● Directions for this task:
Extract the lines from the first one in the records below through the line containing "Channel是Netty抽", keeping both ends and leaving out any pictures.

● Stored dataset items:
===

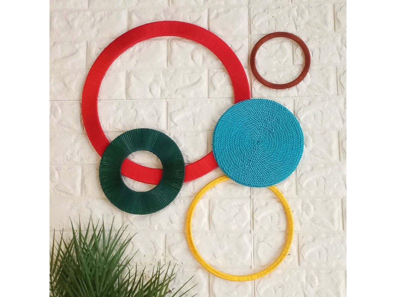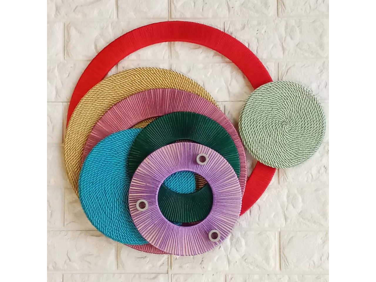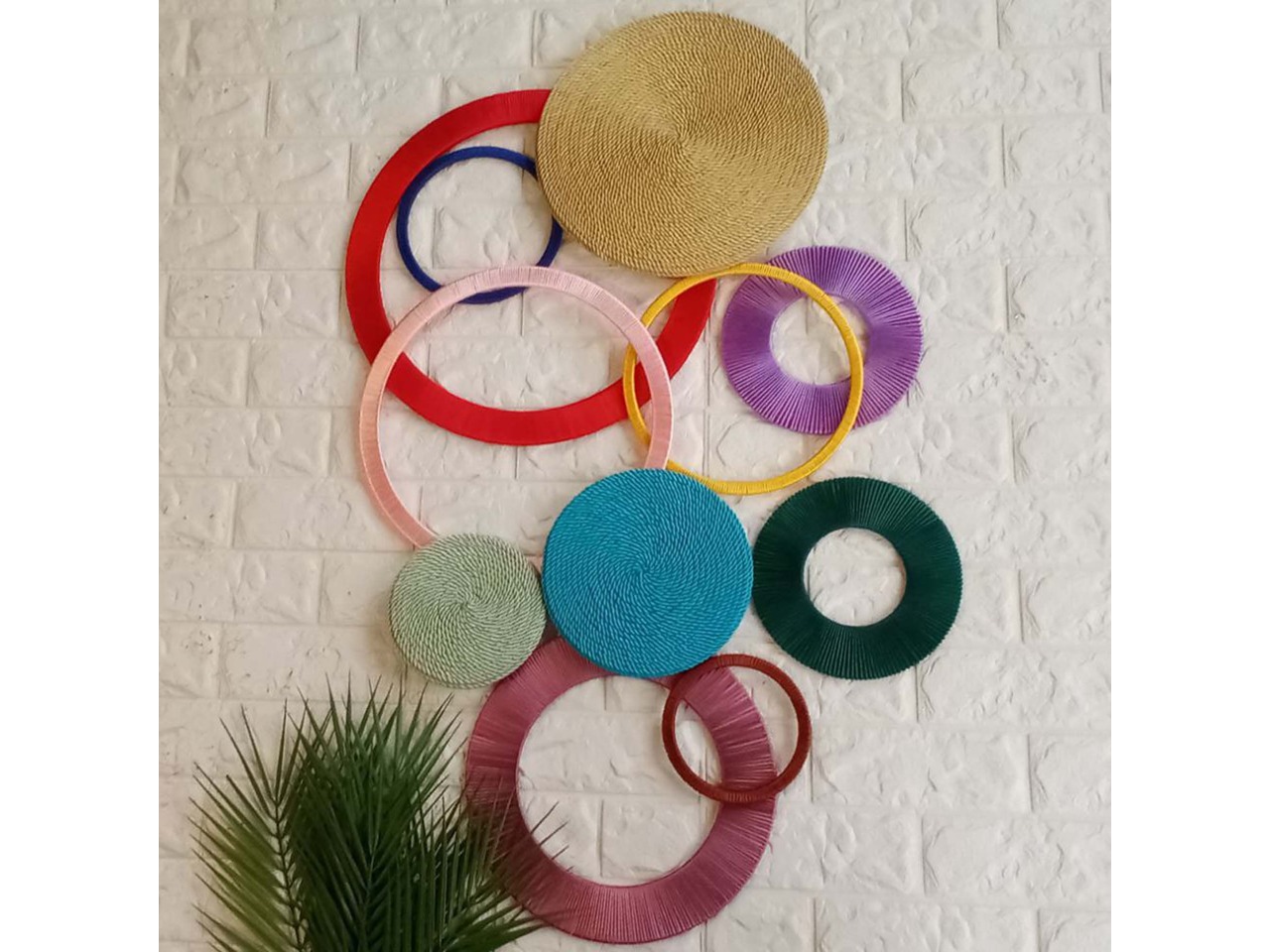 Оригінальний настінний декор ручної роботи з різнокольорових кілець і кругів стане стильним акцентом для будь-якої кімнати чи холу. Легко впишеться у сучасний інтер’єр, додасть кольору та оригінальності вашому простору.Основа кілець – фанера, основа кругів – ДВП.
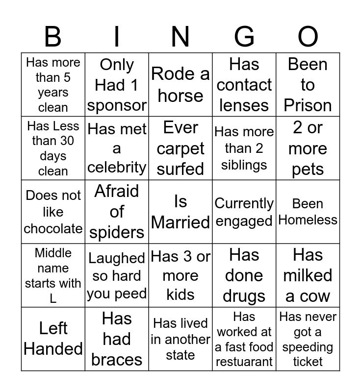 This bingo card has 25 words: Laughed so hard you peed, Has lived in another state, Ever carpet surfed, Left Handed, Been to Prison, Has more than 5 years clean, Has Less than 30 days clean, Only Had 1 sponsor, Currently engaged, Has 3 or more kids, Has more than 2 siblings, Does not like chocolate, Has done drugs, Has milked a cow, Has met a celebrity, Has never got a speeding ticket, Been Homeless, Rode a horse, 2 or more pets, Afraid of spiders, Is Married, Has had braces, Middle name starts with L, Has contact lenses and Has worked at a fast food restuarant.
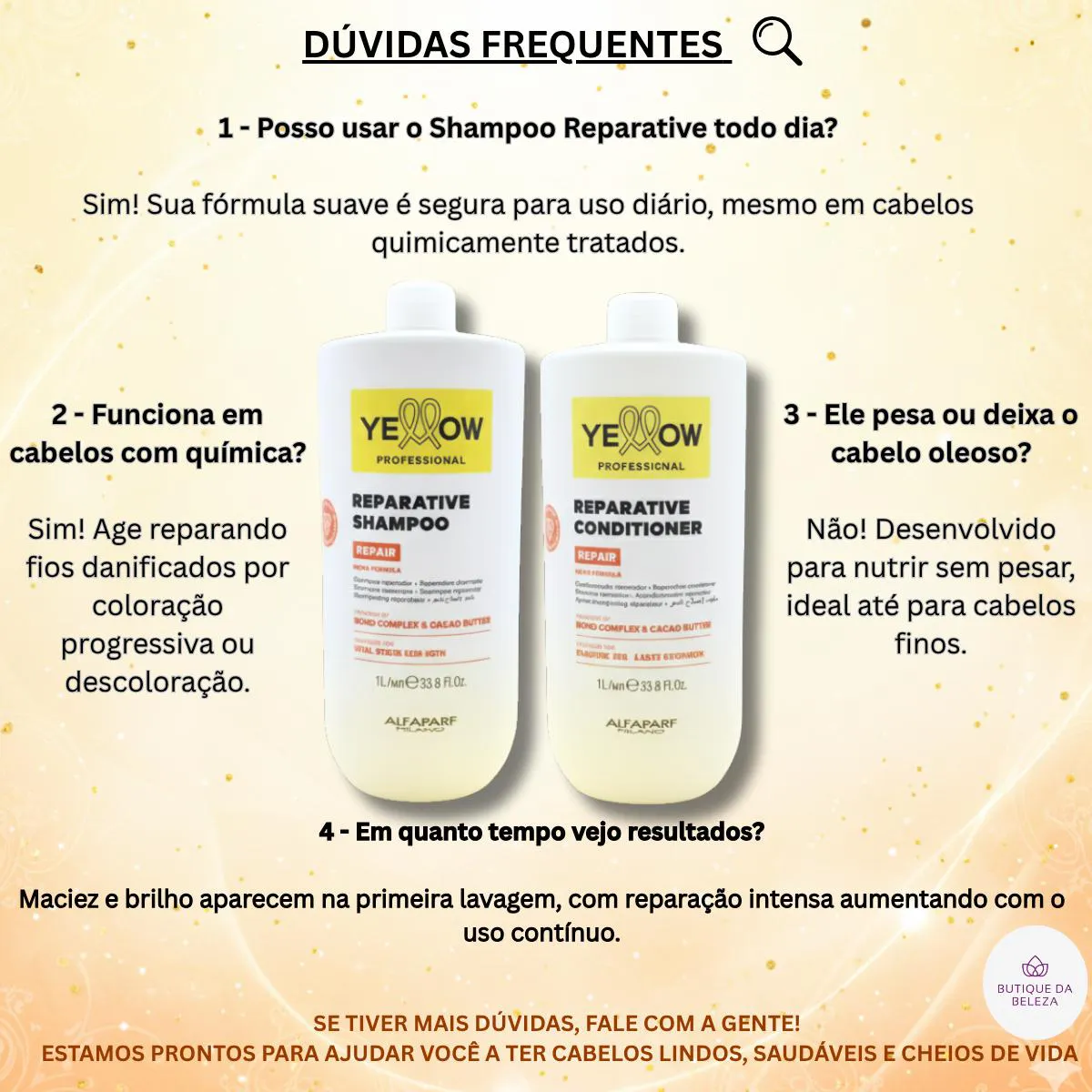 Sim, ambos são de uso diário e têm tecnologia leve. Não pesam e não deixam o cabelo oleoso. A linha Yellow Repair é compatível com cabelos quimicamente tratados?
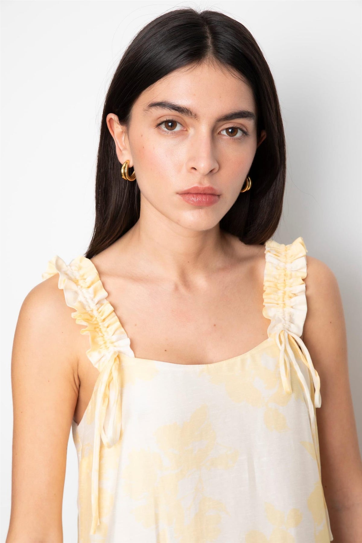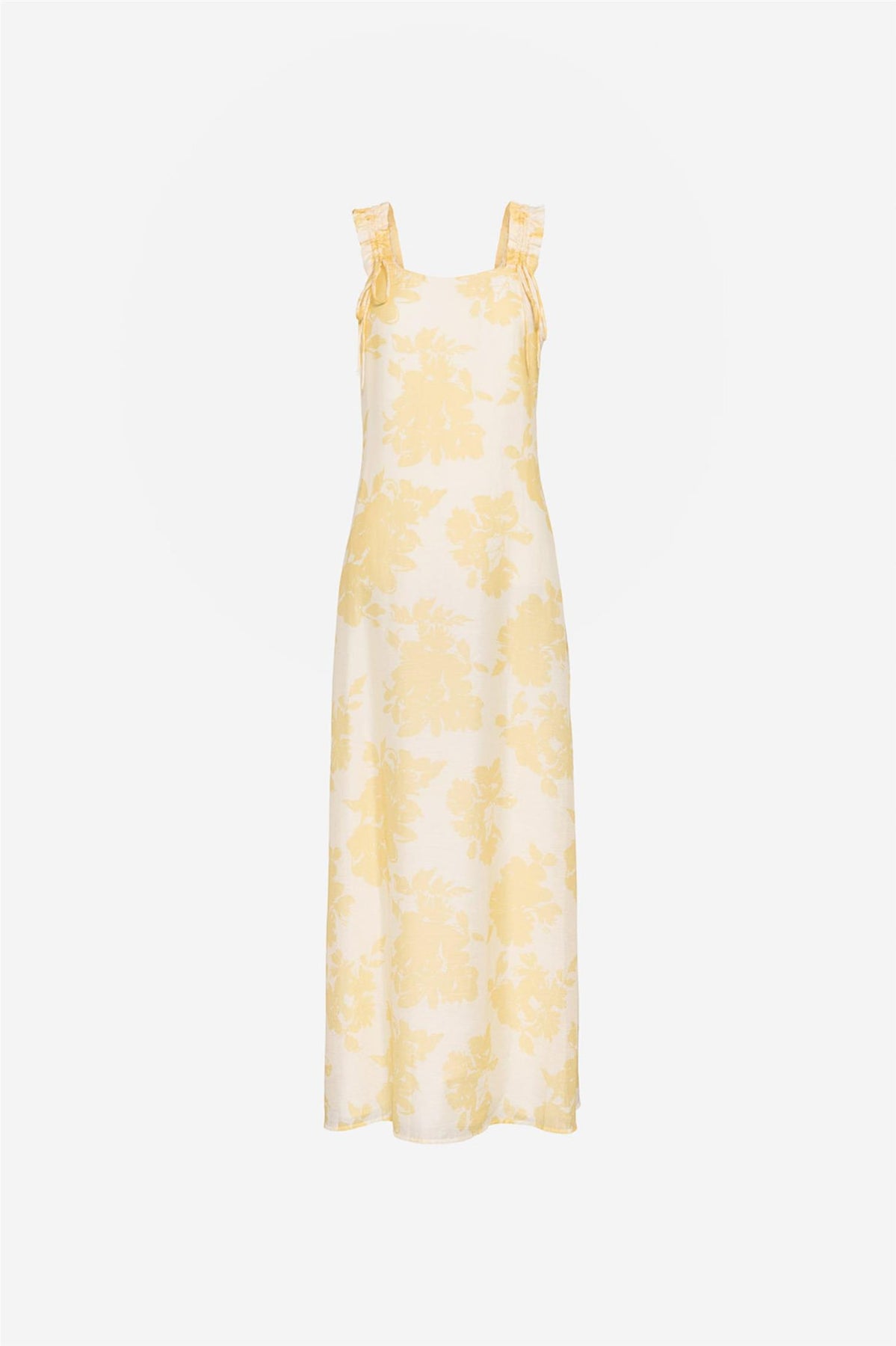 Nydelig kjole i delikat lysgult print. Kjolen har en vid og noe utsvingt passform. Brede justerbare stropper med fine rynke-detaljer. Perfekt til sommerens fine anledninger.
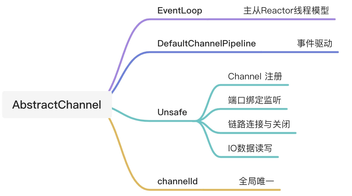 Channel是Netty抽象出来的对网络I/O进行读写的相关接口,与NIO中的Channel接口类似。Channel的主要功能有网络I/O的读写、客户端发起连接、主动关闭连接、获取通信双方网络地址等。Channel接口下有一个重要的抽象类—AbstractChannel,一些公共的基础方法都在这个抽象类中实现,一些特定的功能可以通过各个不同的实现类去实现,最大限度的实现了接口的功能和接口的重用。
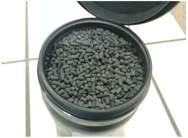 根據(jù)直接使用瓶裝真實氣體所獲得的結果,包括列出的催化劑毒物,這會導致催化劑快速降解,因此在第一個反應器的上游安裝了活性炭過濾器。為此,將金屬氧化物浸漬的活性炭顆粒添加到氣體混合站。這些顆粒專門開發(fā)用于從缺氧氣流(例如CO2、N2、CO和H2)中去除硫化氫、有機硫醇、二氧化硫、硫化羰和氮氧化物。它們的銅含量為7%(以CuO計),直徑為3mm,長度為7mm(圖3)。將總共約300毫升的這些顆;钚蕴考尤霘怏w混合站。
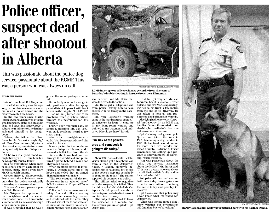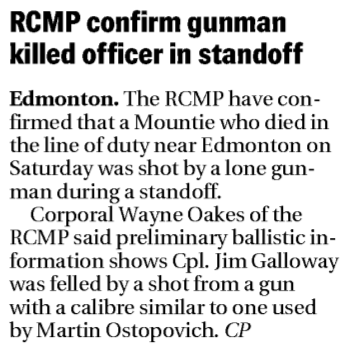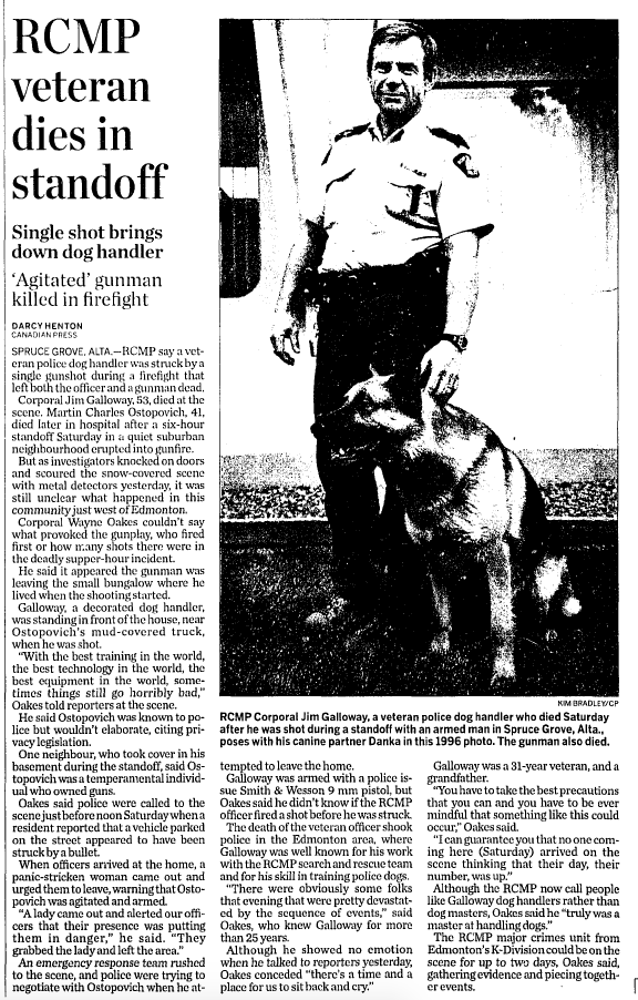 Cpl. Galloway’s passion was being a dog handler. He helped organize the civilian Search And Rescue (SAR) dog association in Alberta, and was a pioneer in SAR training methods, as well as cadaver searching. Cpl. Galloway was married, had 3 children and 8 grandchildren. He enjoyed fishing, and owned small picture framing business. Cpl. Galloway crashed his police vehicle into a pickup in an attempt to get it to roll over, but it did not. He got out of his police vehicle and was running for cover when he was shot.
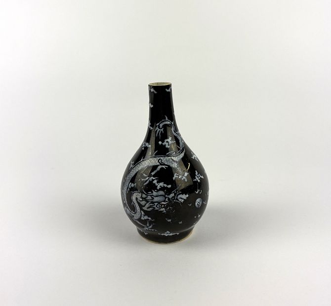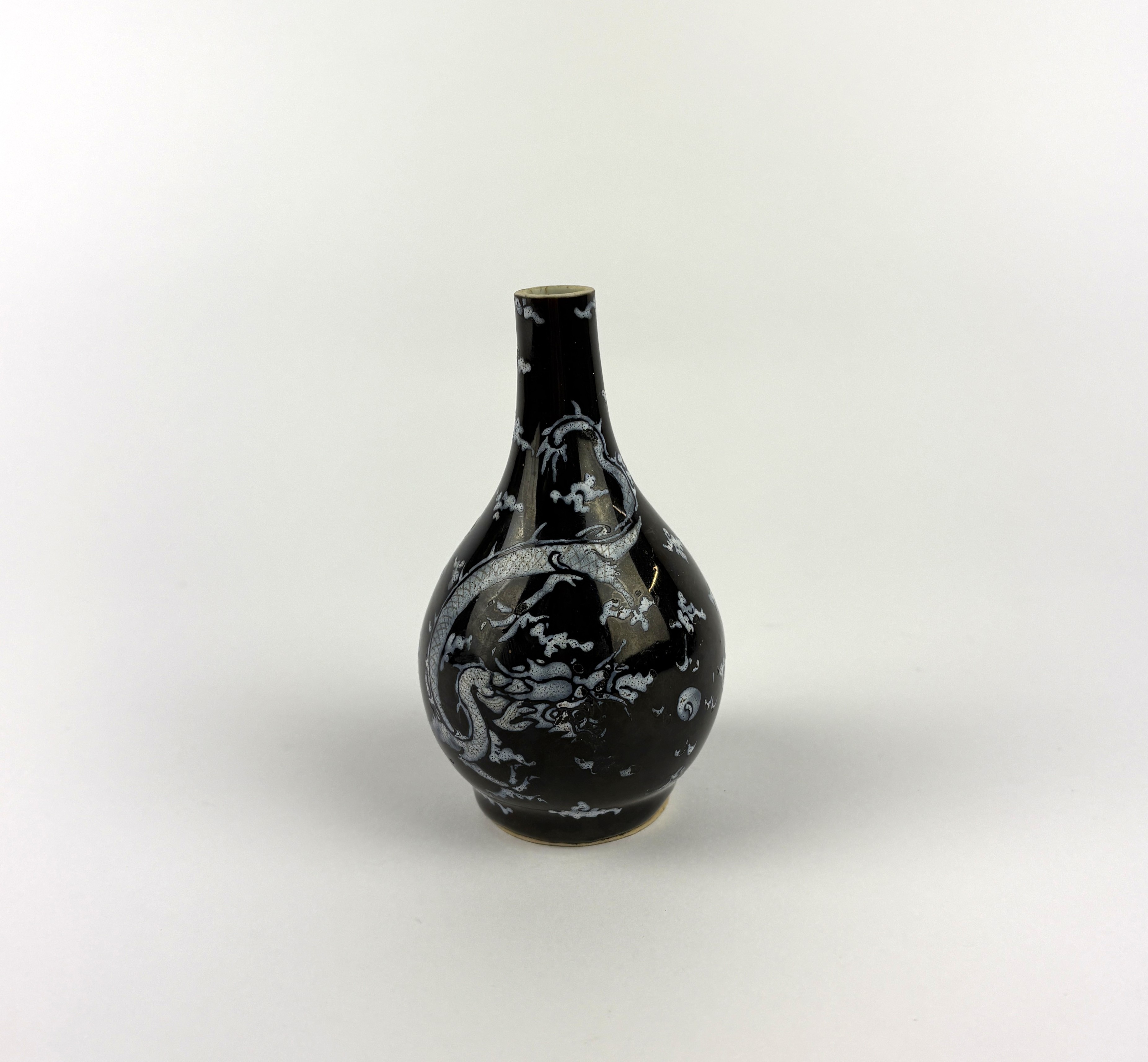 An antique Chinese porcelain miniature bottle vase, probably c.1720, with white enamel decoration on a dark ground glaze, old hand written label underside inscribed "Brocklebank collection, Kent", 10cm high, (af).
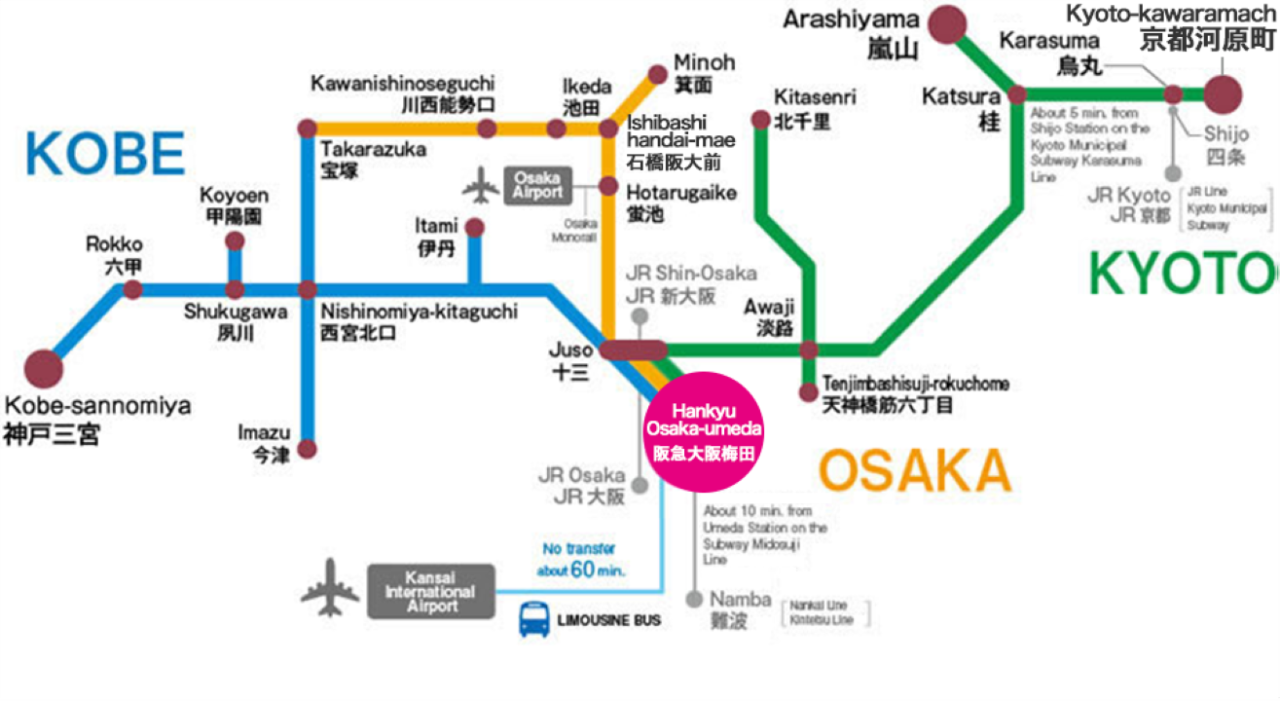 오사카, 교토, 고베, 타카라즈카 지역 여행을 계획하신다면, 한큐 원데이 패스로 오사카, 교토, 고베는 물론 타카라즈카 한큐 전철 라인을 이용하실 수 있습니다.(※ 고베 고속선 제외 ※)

===

● Response:
 Оригінальний настінний декор ручної роботи з різнокольорових кілець і кругів стане стильним акцентом для будь-якої кімнати чи холу. Легко впишеться у сучасний інтер’єр, додасть кольору та оригінальності вашому простору.Основа кілець – фанера, основа кругів – ДВП.
 This bingo card has 25 words: Laughed so hard you peed, Has lived in another state, Ever carpet surfed, Left Handed, Been to Prison, Has more than 5 years clean, Has Less than 30 days clean, Only Had 1 sponsor, Currently engaged, Has 3 or more kids, Has more than 2 siblings, Does not like chocolate, Has done drugs, Has milked a cow, Has met a celebrity, Has never got a speeding ticket, Been Homeless, Rode a horse, 2 or more pets, Afraid of spiders, Is Married, Has had braces, Middle name starts with L, Has contact lenses and Has worked at a fast food restuarant.
 Sim, ambos são de uso diário e têm tecnologia leve. Não pesam e não deixam o cabelo oleoso. A linha Yellow Repair é compatível com cabelos quimicamente tratados?
 Nydelig kjole i delikat lysgult print. Kjolen har en vid og noe utsvingt passform. Brede justerbare stropper med fine rynke-detaljer. Perfekt til sommerens fine anledninger.
 Channel是Netty抽象出来的对网络I/O进行读写的相关接口,与NIO中的Channel接口类似。Channel的主要功能有网络I/O的读写、客户端发起连接、主动关闭连接、获取通信双方网络地址等。Channel接口下有一个重要的抽象类—AbstractChannel,一些公共的基础方法都在这个抽象类中实现,一些特定的功能可以通过各个不同的实现类去实现,最大限度的实现了接口的功能和接口的重用。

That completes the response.